METROPOLITAN SENIOR HOUSING, LLC, MSH OPERATING, LLC,
SUNRISE HBLR, LLC AND HBLR OPERATING, LLC
NOTES TO COMBINED FINANCIAL STATEMENTS AS OF SEPTEMBER 30, 2012 AND
AND FOR THE NINE MONTHS ENDED SEPTEMBER 30, 2012 AND 2011 (UNAUDITED)
1. ORGANIZATION AND PRESENTATION
Organization —Metropolitan Senior Housing, LLC (“MSH”) and MSH Operating, LLC (“MSH Op”), collectively (the “MSH Companies”) were each formed under the laws of the State of Delaware on June 29, 2000. MSH shall terminate on December 31, 2025, unless substantially all of its assets are sold or the members elect to dissolve MSH prior to that time. MSH Op shall continue in perpetuity unless substantially all of its assets are sold or the member elects to dissolve MSH Op.
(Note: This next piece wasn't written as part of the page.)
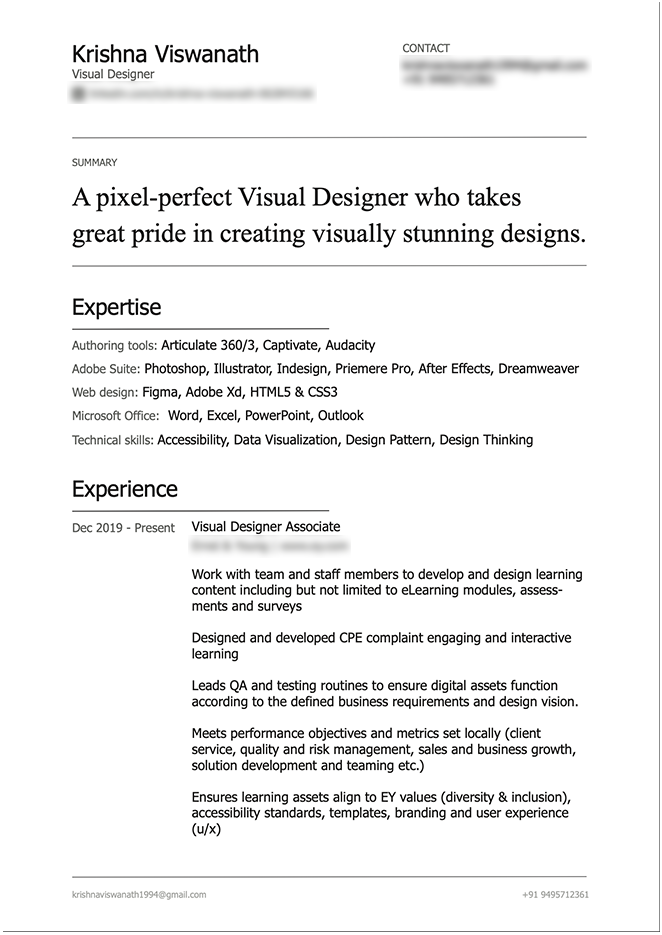 The entire process of conceptualisation, understanding your skillset and delivering your finished resume will be done with Divya over a call.

As of December 31, 2011, MSH was owned 75% by HVP Sun Investor, LLC (“HVP”) and 25% by Sunrise Senior Living Investment Inc. (“SSLII”), a wholly owned subsidiary of Sunrise Senior Living, Inc. (“SSLI”), and MSH Op was owned 100% by HVP.
Sunrise HBLR, LLC (“HBLR”) (formerly known as Sun Gem, LLC) and HBLR Operating, LLC (“HBLR Op”), collectively (the “HBLR Companies”) were each formed under the laws of the state of Delaware on September 27, 2004 and March 22, 2007, respectively. HBLR shall terminate on December 31, 2032, unless substantially all of its assets are sold or the members elect to dissolve the entities prior to this date. HBLR Op shall continue in perpetuity unless substantially all of its assets are sold or the member elects to dissolve HBLR Op. As of December 31, 2011, HBLR was owned 80% by Heitman Value Partners SUN Investor II (“HVPII”) and 20% by SSLII and HBLR Op was owned 100% by HVPII.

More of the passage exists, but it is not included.